1) If he wanted to attack Germany,he would have done it in may/june 1940 when the WM was busy in the West .
In May 1940, Stalin believed that the war in the West that was just starting would be a long one, essentially a repeat of the 1914-18 Western Front. He considered that by the end of that war, lasting several years, both sides would be exhausted and ripe for revolution, while the Red Army would have been modernised and strengthened, and in a position to move westward to assist the revolutions in Germany and France.

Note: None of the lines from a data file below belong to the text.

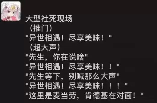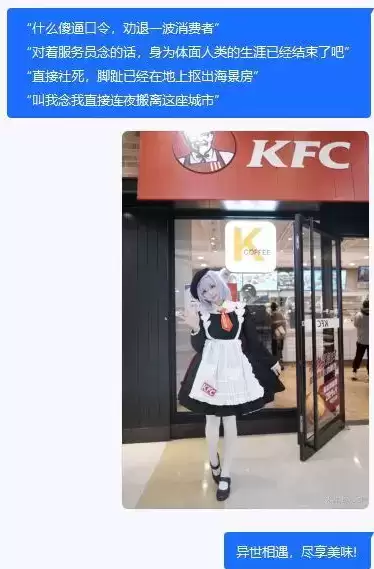 原因无他,这次参与的主要方式是:在肯德基餐厅这种公众场所喊二次元口号。
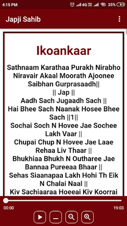 Japji Sahib consists of the Mool Mantra as the beginning followed by 38 hymns and a final Salok at the end of this composition. It is a famous and concise summary of Sikh philosophy. This app allows to read japji sahib path in three different language gurmukhi(punjabi), hindi and english. Purpose of this app is to let busy and mobile young generation reconnect with Sikhism and Gurubani by reading path on gadgets like mobile and tablets. It is a first path in nitnem.
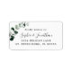 Étiquette d'expédition de réponse de RSVP de mariage au eucalyptus... Feuilles d'eucalyptus de teinte émeraude sur fond blanc pour la numérisation par le bureau de poste, avec les noms des mariés en écriture calligraphique romantique sur une étiquette d'expédition pour vos enveloppes de réponse. Partie d'une suite de mariage avec des accessoires coordonnés dans le même thème d'eucalyptus.
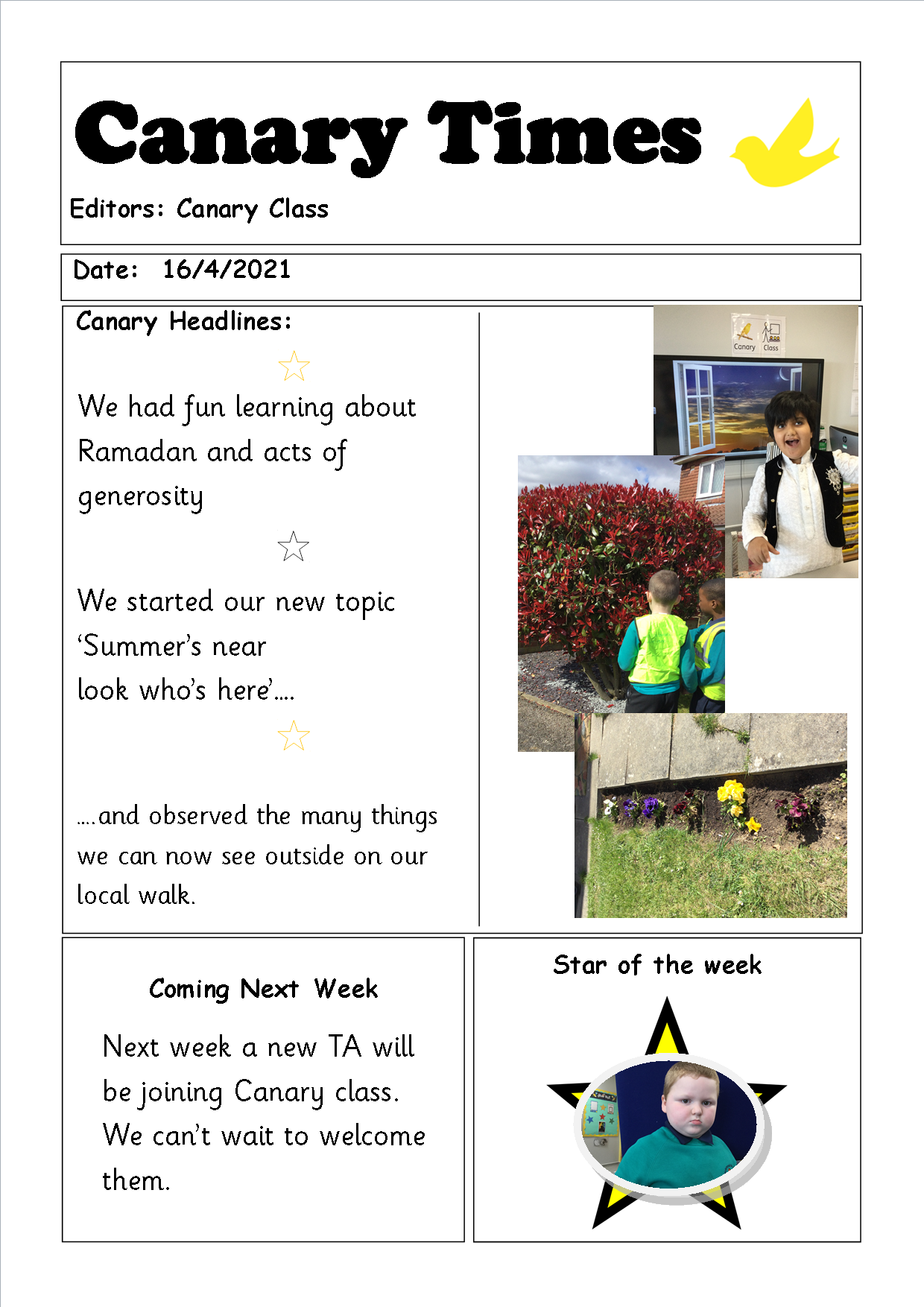 My name is David and I am the class teacher. Marie is our TA3 and Sian, Libby and Syeda are our TAs. Jemma also teaches the class during my planning time.
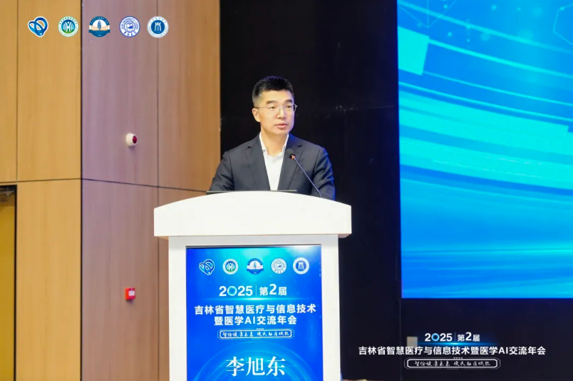 在领导致辞环节,吉林大学中日联谊医院党委副书记李旭东首先代表承办方致欢迎辞,并提出期望:“做厚“创新土壤”,推动更多AI科研成果在临床场景中落地应用;打通“应用链条”,消除信息孤岛,让数据发挥更大效能;建强“人才梯队”,培养更多既懂医学又懂数据的复合型人才。一起推动吉林的智慧医疗事业走出新步伐、迈上新高度。”
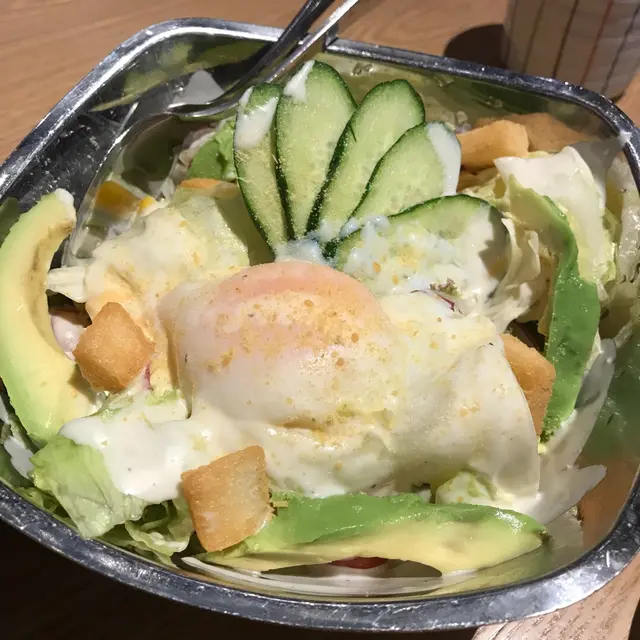 我地叫咗個溫泉玉子牛油果凱薩沙拉,溫泉蛋好正大大粒架,牛油果再加埋新鮮蔬菜,好開胃,夠曬清腸胃
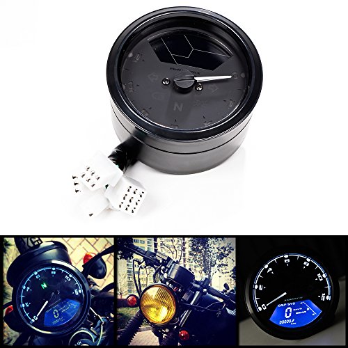 All-in-one 12000 rpm MPH Blue LED Backlight Digital Signal LCD Odometer Speedometer Tachometer 199 kmh for Motorcycle Custom Cruiser Café Racer
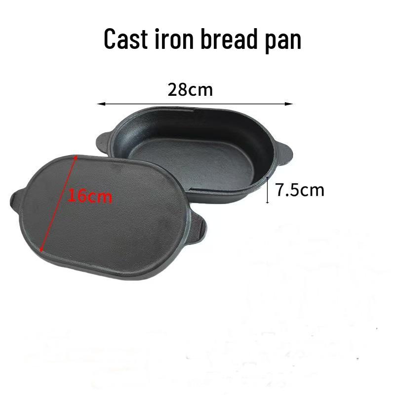 Oval Cast Iron Bread Baking and Stewing Pot - Multi-Functional, Dual-Use for Frying and Baking, Household Thickened Design.
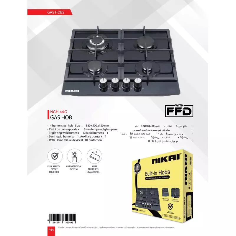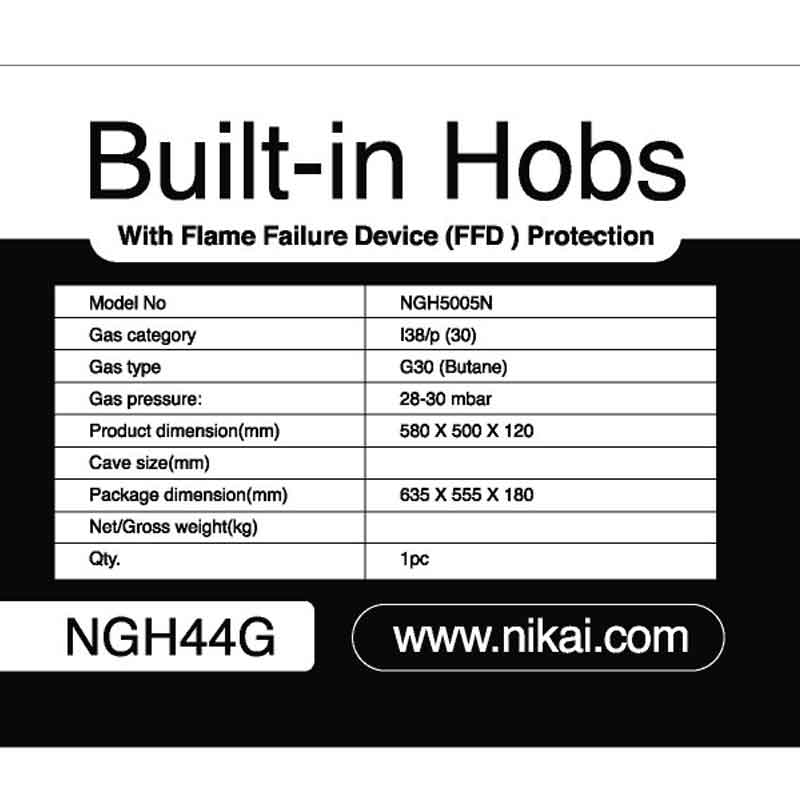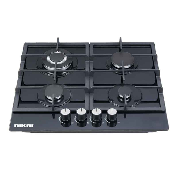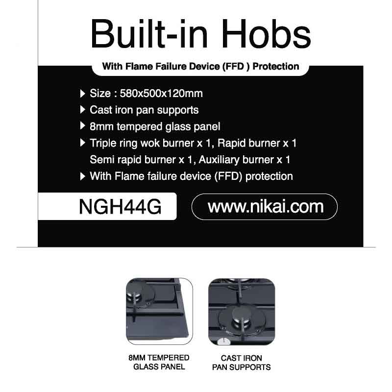 Nikai Gas Cooker 4 Burner Glass 8mm Tempered Built in Hob 580x500x120mm NGH44G Auto Ignition System Cast Iron Pan Supports Triple Ring Wok Burner
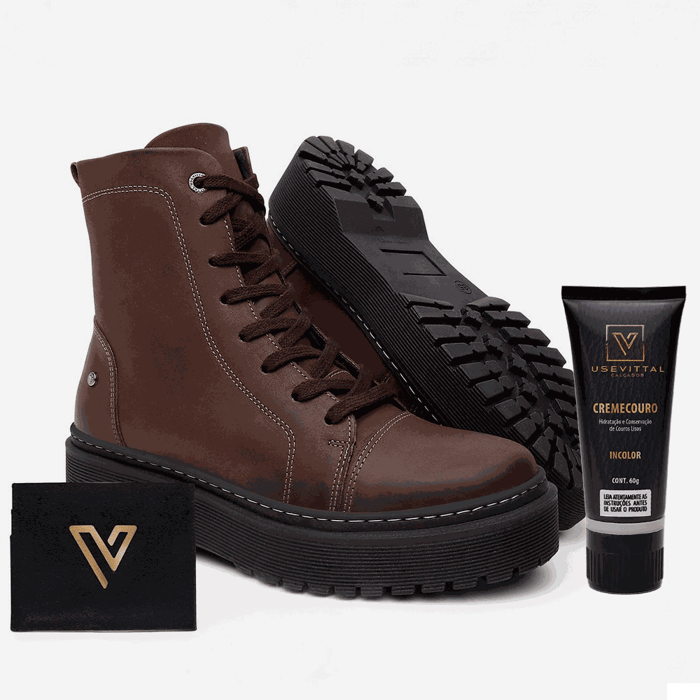 Apresentamos o nosso Kit Vittal. Nele, temos disponível o coturno Laura, que é um verdadeiro coringa para o seu dia a dia, o nosso creme hidratante que vai deixar o seu coturno ou qualquer outro produto em couro impecável por muito mais tempo, e pra finalizar, o nosso porta cartões em couro, sofisticado e funcional.
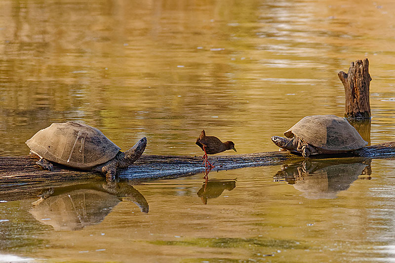 Die Wasserschildkröten halten einen Dialog mit dem Jacana-Küken.
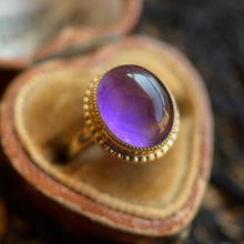 Circa 1930s-1940s, this 14k gold ring features a mesmerizing amethyst cabochon.
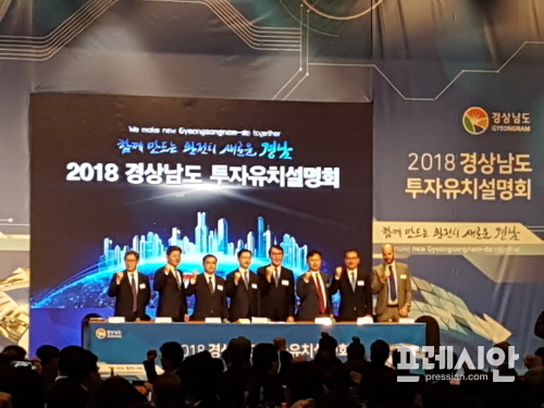 이날 경상남도·고성군과 경남중공업(주)은 투자협약을 체결하고 2022년까지 4300억 원을 투자해 동해면 일원에 선박개조·수리 전문단지를 조성, 2500여 명을 고용하고 지역경제 활성화에 이바지하기로 했다.
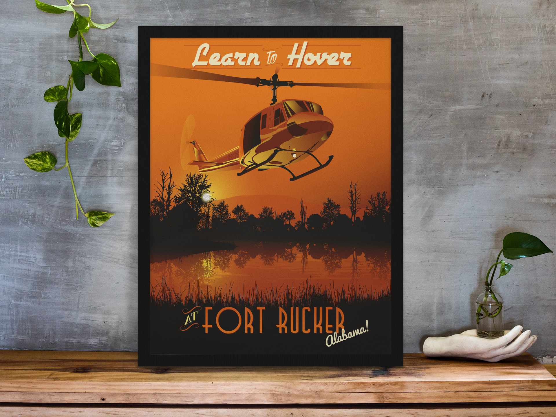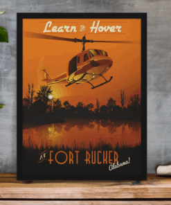 Fort Rucker – Learn to Hover – UH-1 Huey vintage style military aviation art by – Squadron Posters!
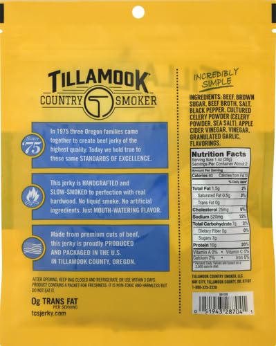 Tillamook Country Smoker Real Hardwood Smoked Beef Jerky, Sea Salt & Cracked Pepper, 2.5 Ounce
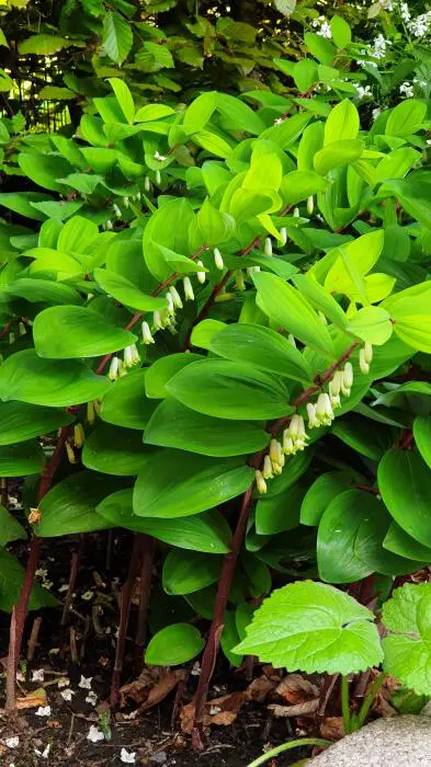 Polygonatum odoratum 'Red Stem' is een geurende salomonszegel met roomwitte buisvormige bloemen aan lang gebogen wijnrode stengels.
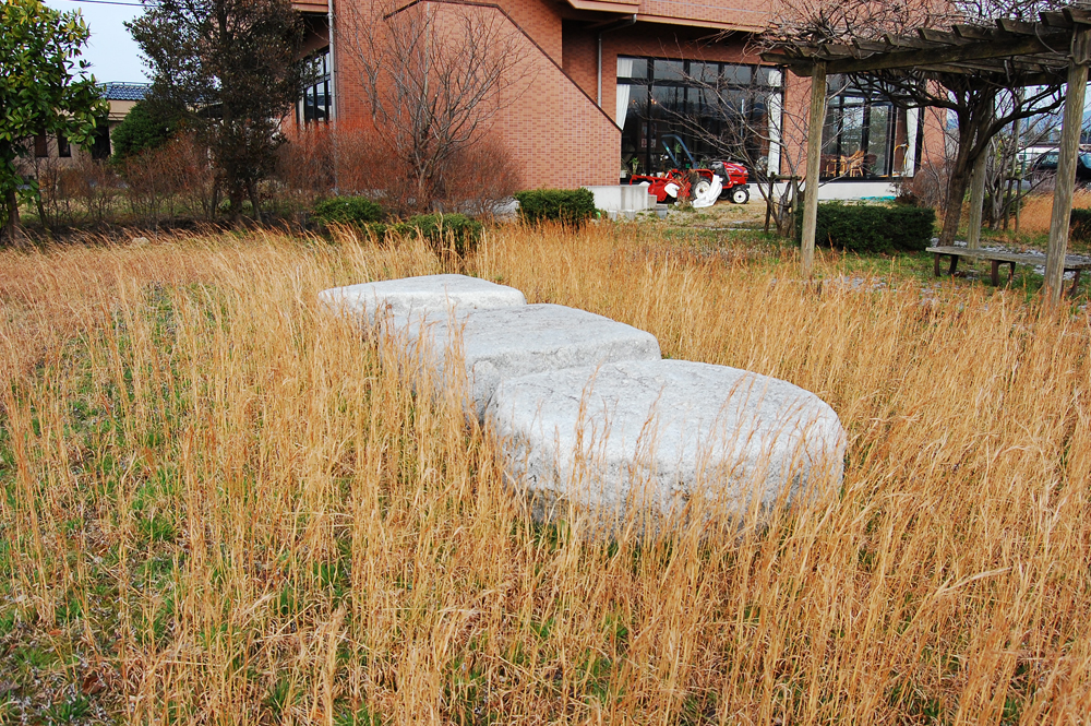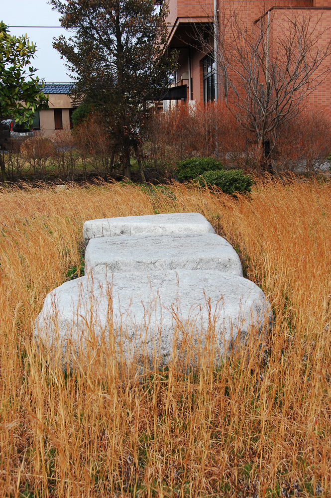 石はそれぞれ丸みを帯びていて、角がないので優しさを感じる。石の間隔は、丸・四角間が約33㎝。四角・三角間は狭いところで約33㎝、広いところで約100㎝。と歩幅よりも少し広い感じはするが十分超えられる距離。それは、歩み寄っていけることを意味しているのだろうか。
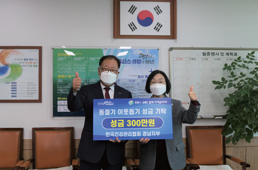 경남지부는 11. 22.(월) 코로나19로 어려움을 겪는 이웃들이 따뜻한 겨울을 보내길 바라며 창원시에 사랑의 성금을 전달하였다. 이번 성금은 지역 내 위기가정에 전달될 예정이다. 경남지부는 따뜻한 사랑 나눔을 위해 다양한 사회공헌활동을 펼치고 있다.
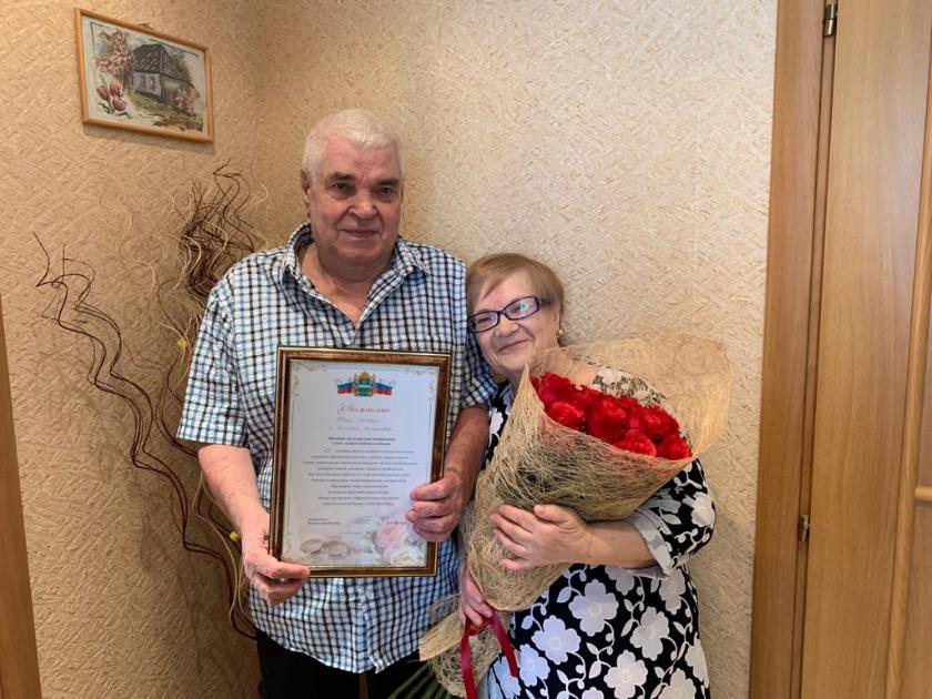 С юбилеем семейную пару поздравили сотрудники городского управления ЗАГС, им передали поздравительный адрес главы региона Владислава Шапши.
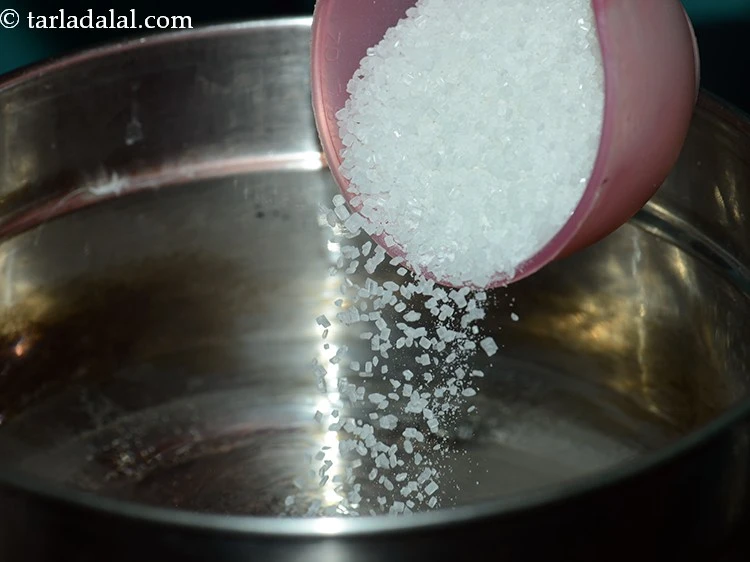 - એક સ્ટીમર અથવા પ્રેશર કુકરમાં 5 કપ પાણી અને ખાંડ ઉમેરો અને ખાંડ સંપૂર્ણપણે ઓગળી જાય ત્યાં સુધી, વચ્ચે-વચ્ચે હલાવતા રહીને, ઉકાળો.
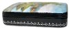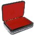 The box's exterior is painted black.The scene is framed with a scan pattern as well as the box's sides are decorated with silver scan patterns. Scan are individual silver punch-outs that are applied to the box during the drying process of the lacquer. The interior of the box is traditionally covered with red lacquer.

The rapid German victory in the West took Stalin by surprise and frustrated his strategy, since Germany was not fatally weakened while the Red Army was not yet strong enough to challenge Germany militarily. From that point on, Stalin adopted a policy of building up the strength of the Red Army as quickly as possible (the re-equipment program was scheduled to be completed by the spring of 1942), while simultaneously trying to weaken Germany by cutting back and even temporarily halting the flow of oil and other supplies to it.
It is likely that Stalin would not have chosen of his own accord to launch a first strike against Germany in 1941, since the re-equipment program would not have been completed. However, it is a fact that by May of that year Timoshenko and Zhukov had drafted a plan for a pre-emptive strike against the German forces in Poland, and that can only have been in response to an order from Stalin.